→ EXERCISE DATA:
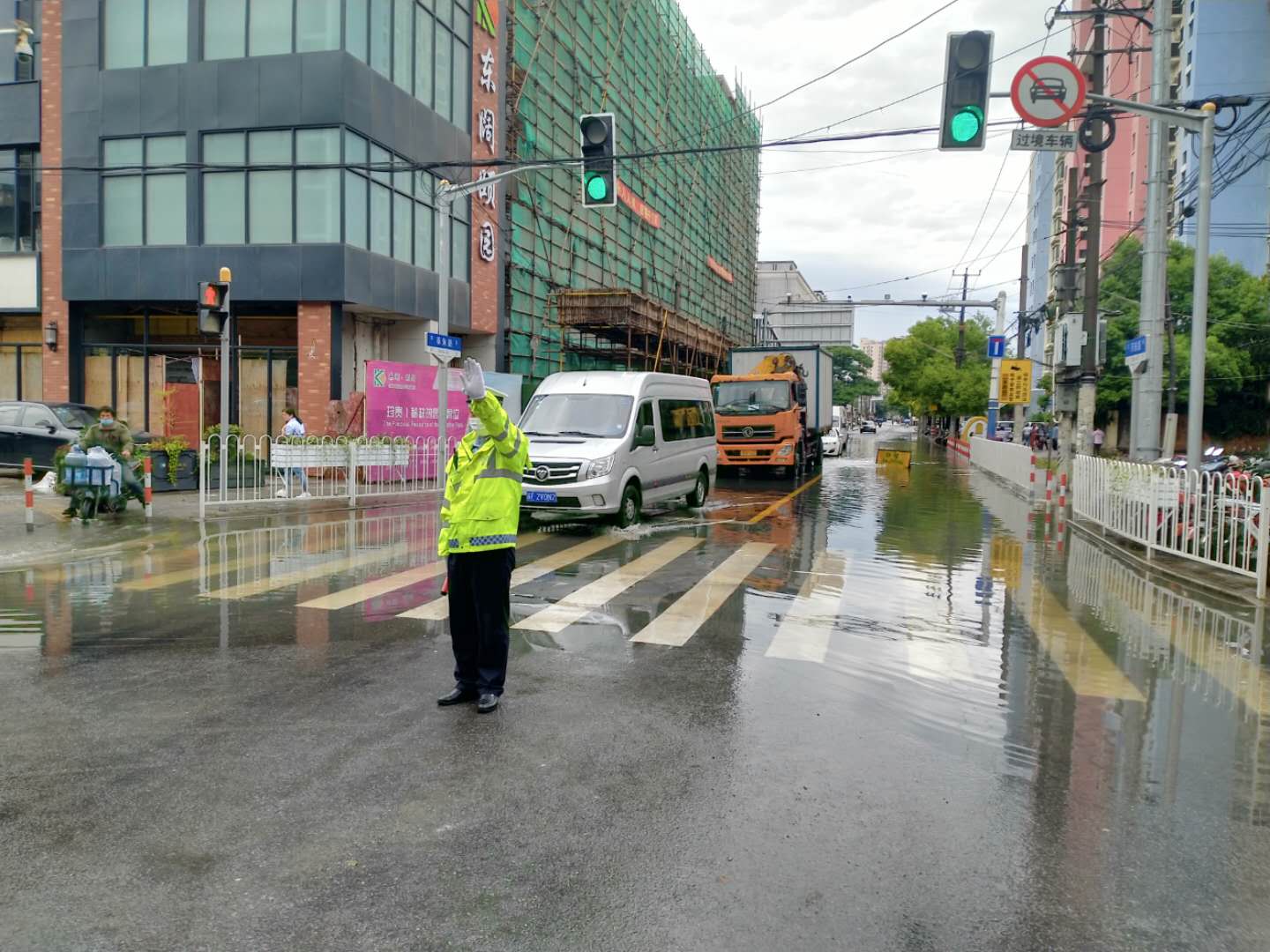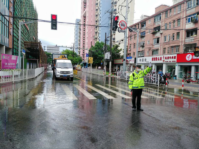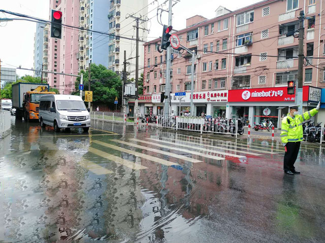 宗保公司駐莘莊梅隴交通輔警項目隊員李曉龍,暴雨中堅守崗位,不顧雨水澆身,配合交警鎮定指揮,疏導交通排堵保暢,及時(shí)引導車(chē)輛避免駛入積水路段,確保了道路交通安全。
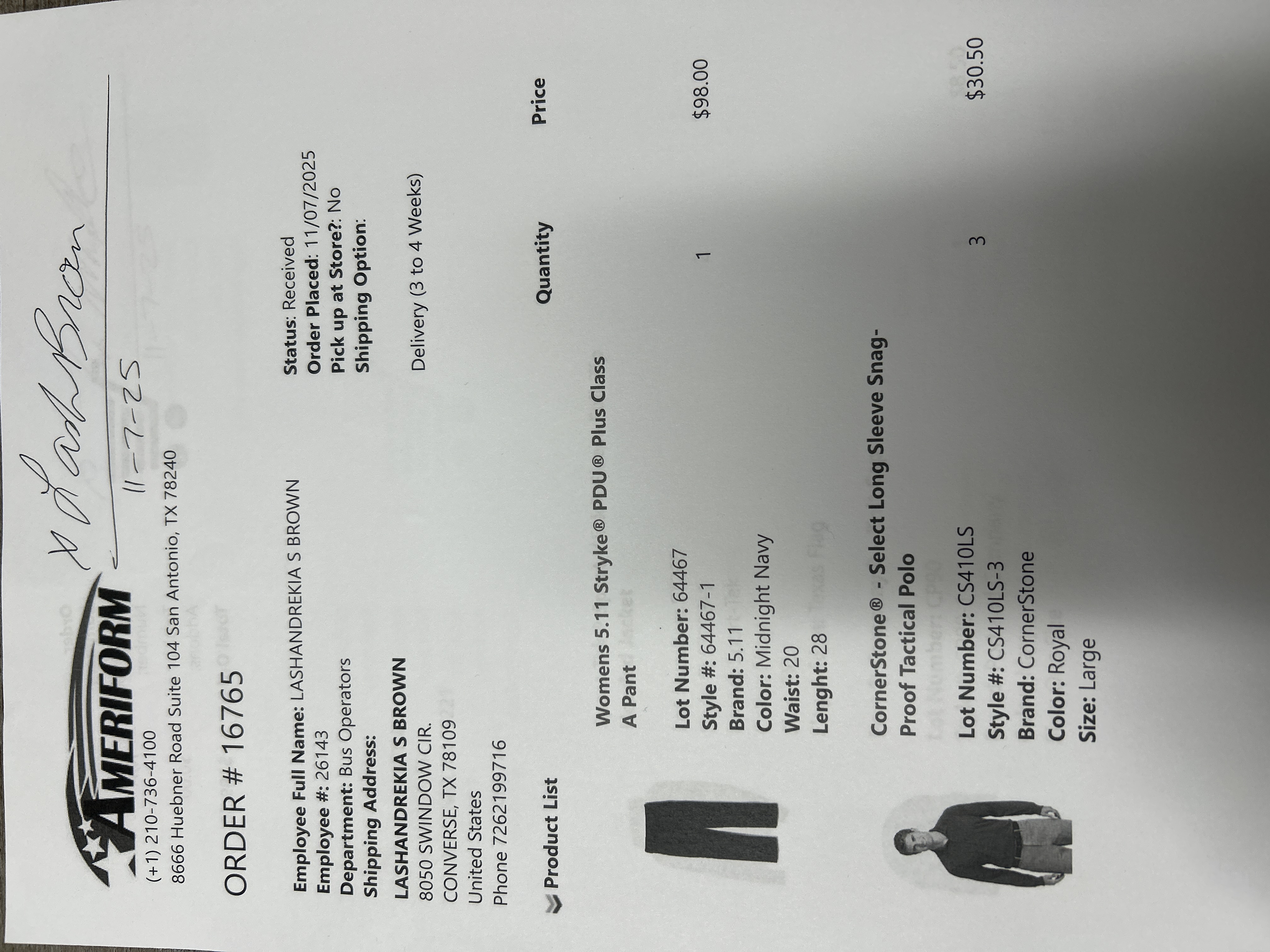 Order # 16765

...

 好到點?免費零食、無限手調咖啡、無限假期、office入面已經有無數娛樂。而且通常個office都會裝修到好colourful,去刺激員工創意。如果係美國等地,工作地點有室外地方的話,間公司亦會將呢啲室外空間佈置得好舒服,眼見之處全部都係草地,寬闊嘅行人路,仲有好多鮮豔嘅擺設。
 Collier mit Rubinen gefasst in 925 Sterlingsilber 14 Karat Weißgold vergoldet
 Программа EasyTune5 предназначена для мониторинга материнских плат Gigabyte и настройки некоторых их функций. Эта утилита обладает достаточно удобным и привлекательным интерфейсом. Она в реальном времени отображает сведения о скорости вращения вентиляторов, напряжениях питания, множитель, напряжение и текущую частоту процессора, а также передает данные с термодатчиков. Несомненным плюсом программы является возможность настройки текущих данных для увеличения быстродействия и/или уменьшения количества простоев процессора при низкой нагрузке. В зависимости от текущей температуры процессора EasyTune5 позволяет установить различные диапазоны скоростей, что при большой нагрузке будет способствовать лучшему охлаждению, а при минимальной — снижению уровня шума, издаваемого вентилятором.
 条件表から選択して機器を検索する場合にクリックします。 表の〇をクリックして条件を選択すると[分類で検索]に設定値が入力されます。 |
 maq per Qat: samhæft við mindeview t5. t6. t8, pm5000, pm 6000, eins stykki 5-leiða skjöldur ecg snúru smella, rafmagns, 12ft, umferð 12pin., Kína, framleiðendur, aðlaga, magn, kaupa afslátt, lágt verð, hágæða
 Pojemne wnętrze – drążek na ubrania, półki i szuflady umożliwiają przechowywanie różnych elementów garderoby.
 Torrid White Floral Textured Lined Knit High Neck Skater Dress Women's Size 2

---

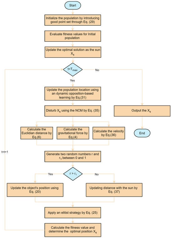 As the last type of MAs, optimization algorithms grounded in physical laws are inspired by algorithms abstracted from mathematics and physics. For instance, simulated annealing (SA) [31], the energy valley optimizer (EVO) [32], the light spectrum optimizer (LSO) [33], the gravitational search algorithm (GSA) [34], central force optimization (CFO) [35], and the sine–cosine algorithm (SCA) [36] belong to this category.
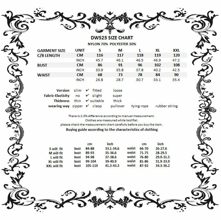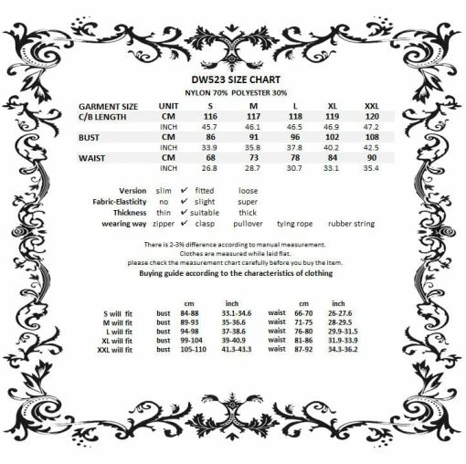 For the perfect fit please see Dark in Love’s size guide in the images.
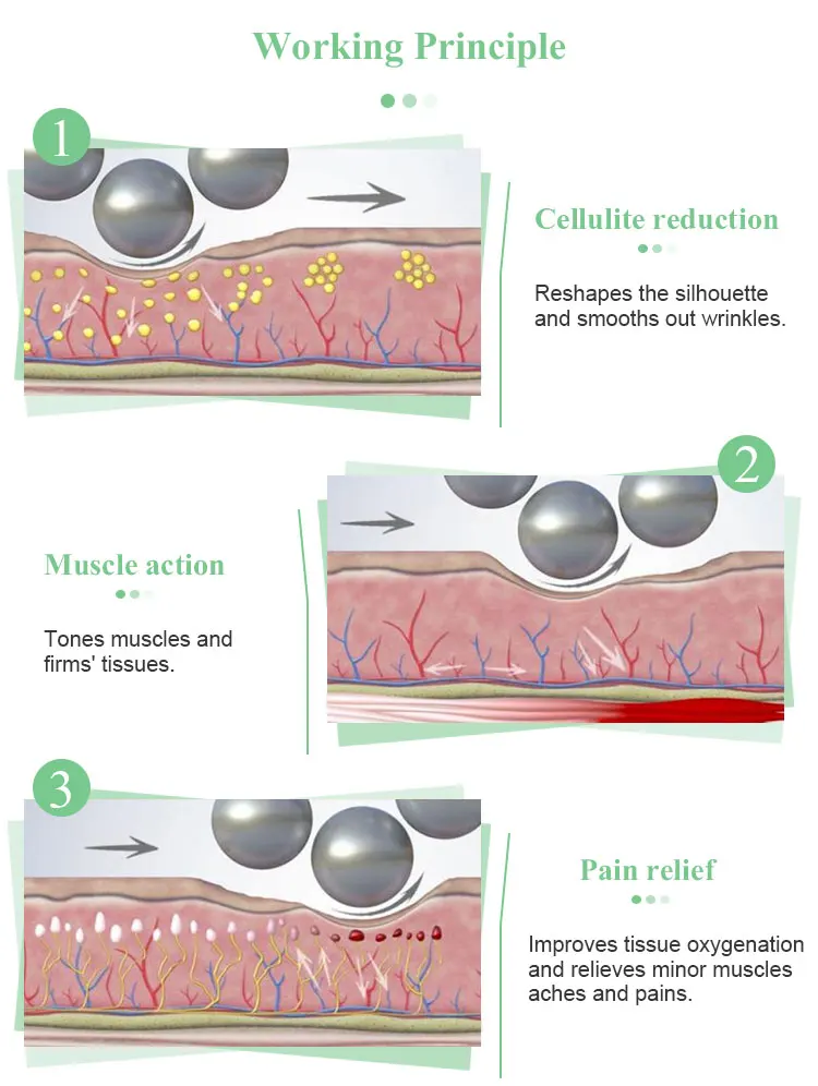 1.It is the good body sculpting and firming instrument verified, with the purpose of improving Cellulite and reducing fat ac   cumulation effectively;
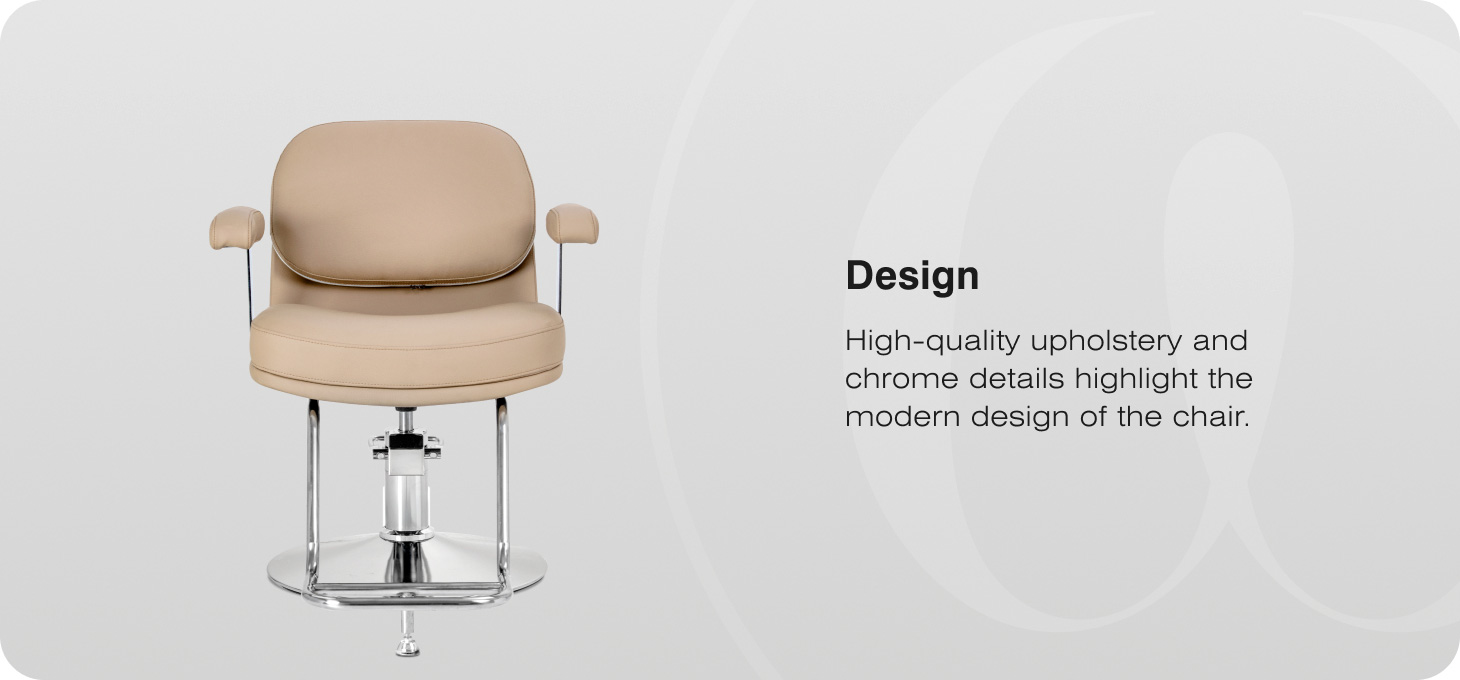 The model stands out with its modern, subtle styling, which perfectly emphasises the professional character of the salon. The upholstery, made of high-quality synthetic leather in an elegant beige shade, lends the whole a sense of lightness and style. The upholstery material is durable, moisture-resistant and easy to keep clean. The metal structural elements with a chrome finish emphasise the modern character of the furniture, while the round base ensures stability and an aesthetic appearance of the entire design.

→ WORK TASK: Taking the entries above, copy word for word the lines from the one with "宗保公司駐莘莊梅隴交通輔警項" up to and including the one with "Order # 16765", without any picture.

→ EXPECTED ANSWER:
 宗保公司駐莘莊梅隴交通輔警項目隊員李曉龍,暴雨中堅守崗位,不顧雨水澆身,配合交警鎮定指揮,疏導交通排堵保暢,及時(shí)引導車(chē)輛避免駛入積水路段,確保了道路交通安全。
 Order # 16765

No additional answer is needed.